Writer's picture: Protest2020Protest2020

Updated: Nov 19, 2021



ProtestBlog.org: Bangkok, Thailand, September 24, 2020. Protest waves sweeping the world in 2020 are just now beginning to receive widespread attention in terms of women´s liberation. Lebanon can hardly at this point be cited as any kind of success story, but women have played unprecedented roles in protests in Beirut and elsewhere. Many women, especially young ones, have also been learning to stretch their wings and assume important leadership responsibilities in a rapidly changing, dynamic political landscape as fraught with opportunity as it is danger.


For weeks, tens of thousands of protesters have gathered and some sources even speak of an overrepresentation in these crowds of young women making up more than half of the group.

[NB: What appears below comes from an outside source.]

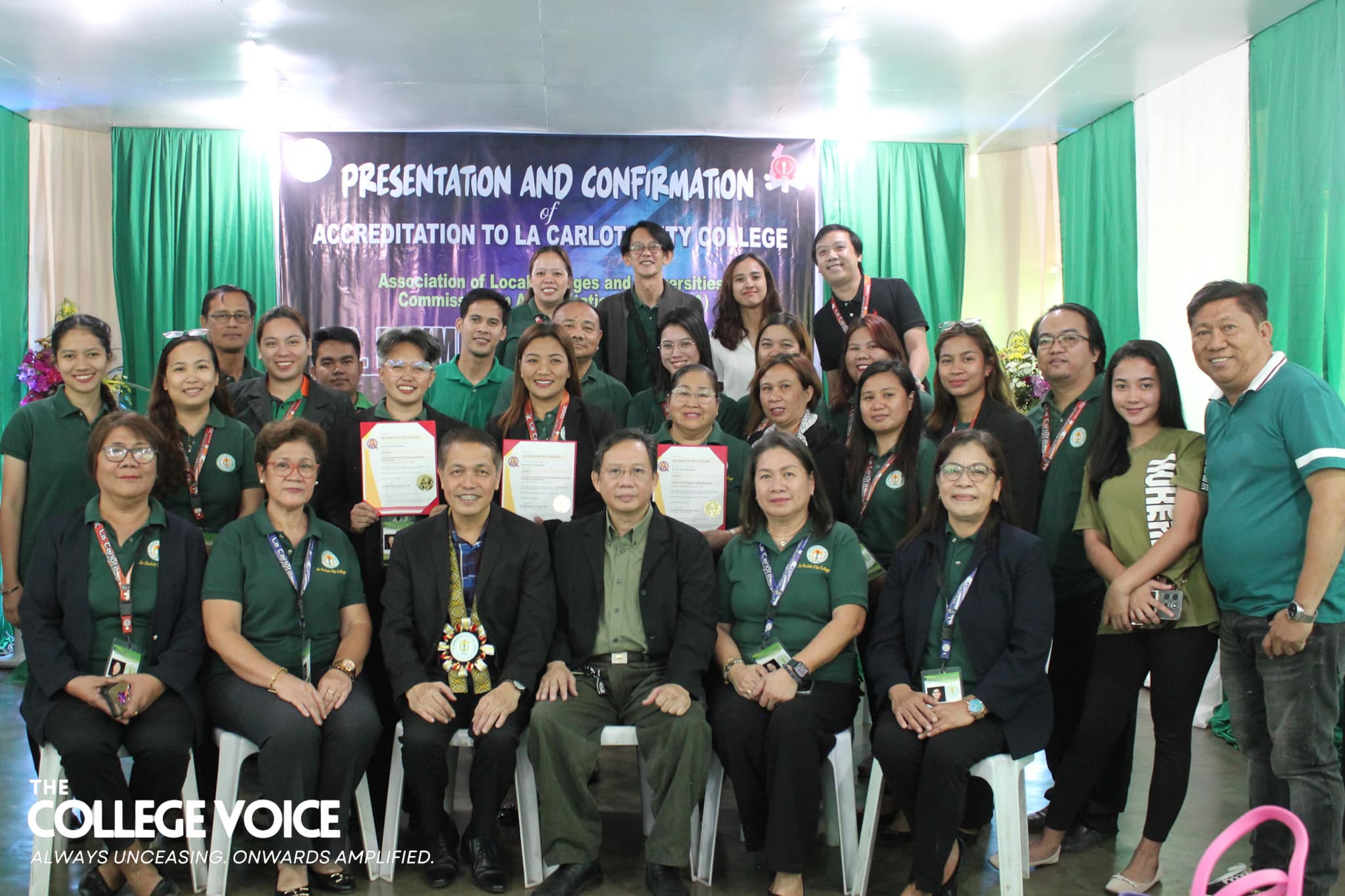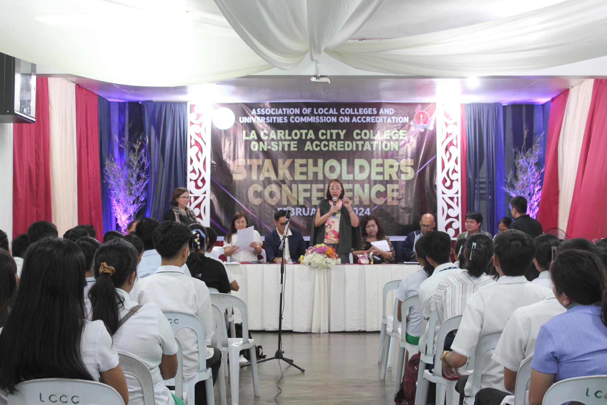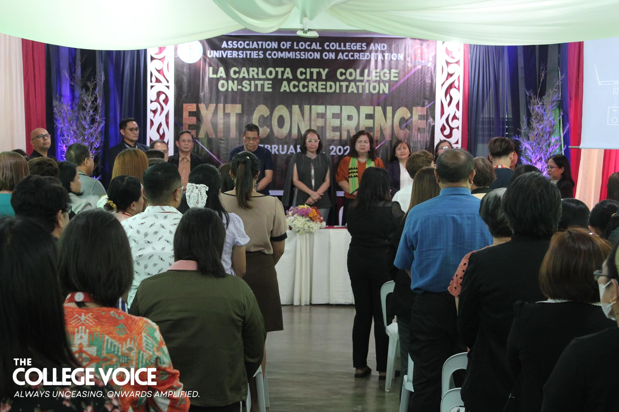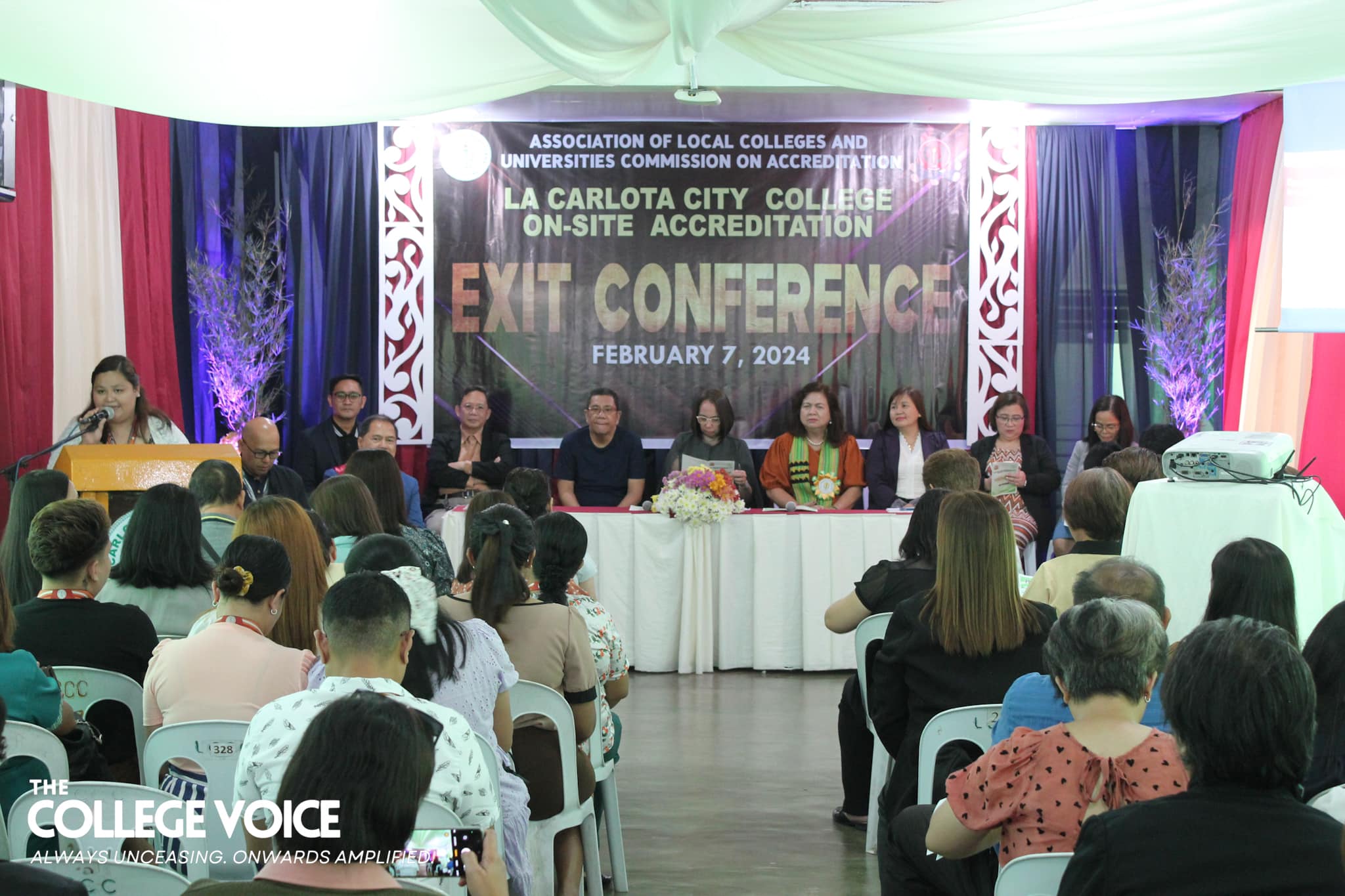 La Carlota City College extends a warm welcome to the Association of Local Colleges and Universities Commission on Accreditation (ALCU- COA) and the team of accreditors with the on-site accreditation today, February 5, 2024. Arrayed on the campus ground fronting the Rose of Sharon, JPRC and the new building, are first year students of the five colleges for the entrance of colors. Subsequent to this is the opening program held at La Carlota City Gymnasium 1. The program commenced with the entrance of the academic and administrative council, city government officials, board of trustees, Hon. Mayor Rex Jalando-on, College President, Dr. Larnie Sam Tabuena, and the ALCU- COA officials and accreditors. "Despite the fact that we have different perspectives on quality excellence and standards, we have different views and arguments about what quality is. One thing that we have in mind is that we envision La Carlota City College as a premiere educational institution of academic excellence, high moral integrity and creative interdisciplinary integration," said Dr. Larnie Sam Tabuena in his welcome remarks. Dr. Mary Hope Q. Ayson, Vice President for Administration presented the LGU officials and guests. The chairman of the Quality Assurance Center, Prof. Rasel G. Rey es led the presentation of the LCCC accreditation team, namely: Prof. Roilingel Calilung (Area Accreditor, Library), Prof. Earl Joseph M. Borgona (Program Accreditor, BSBA - Financial Management), Dr. Dolores Doronila-Borras (Program Accreditor, BSED Filipino), Dr. Rosemarie D. Sabado (Program Accreditor, BEED General Education), Dr. Ronald Gonzales (Program Accreditor BSED ENGLISH and BA English), Dr. Valentino Baac (Program Accreditor, BS Public Administration), Dr. Rebecca C. Tolentino (Program Accreditor, BSED Math), Atty. Gloria V. Bañas (Program Accreditor, BS Management Accounting), and Dr. Imelda DP. Soriano, Supervising Accreditor and (Program Accreditor, Bachelor of Early Childhood Education). LCCC's engagement with the accreditation process reflects its on-going efforts to enhance educational standards with its goal to become a university. The three-day on-site accreditation is from February 5-7, 2024. Words | Ariane Ledesma and Mayve Jane Dalisay Photos | David #TCVUpdates #TheCollegeVoice #AlwaysUnceasingOnwardsAmplified

In years past, women were a distinct minority in protests. But something new is afoot these days, and the protest is not directed just at the traditional patriarchal pillars of society, monarchy, military, and monkhood, but at patriarchy itself.

Many of the earliest and most vocal organizers of protests in 2020 have been female students and now they appear a majority at the most recent protests. Young women in Thailand have much to gain from rebelling against traditional patriarchal authority, hence the enthusiasm. Issues that have been debated for decades in other countries, are only now being aired, such as abortion, and even taxes on menstrual products. School rules that force girls to conform to an outdated version of femininity are also receiving a lot of criticism and resistance.

In their own words going viral across the world, these young women protesters seek to destroy ¨the male superiority structure¨ especially insofar as it is perpetuated ¨under the monarchy¨, revolutionary words indeed.

Of course, this is happening not just in Thailand but something very similar is also going on in Belarus, where hundreds of women were arrested last week while marching in Minsk to protest the return to power of the country’s strongman, President Lukashenko.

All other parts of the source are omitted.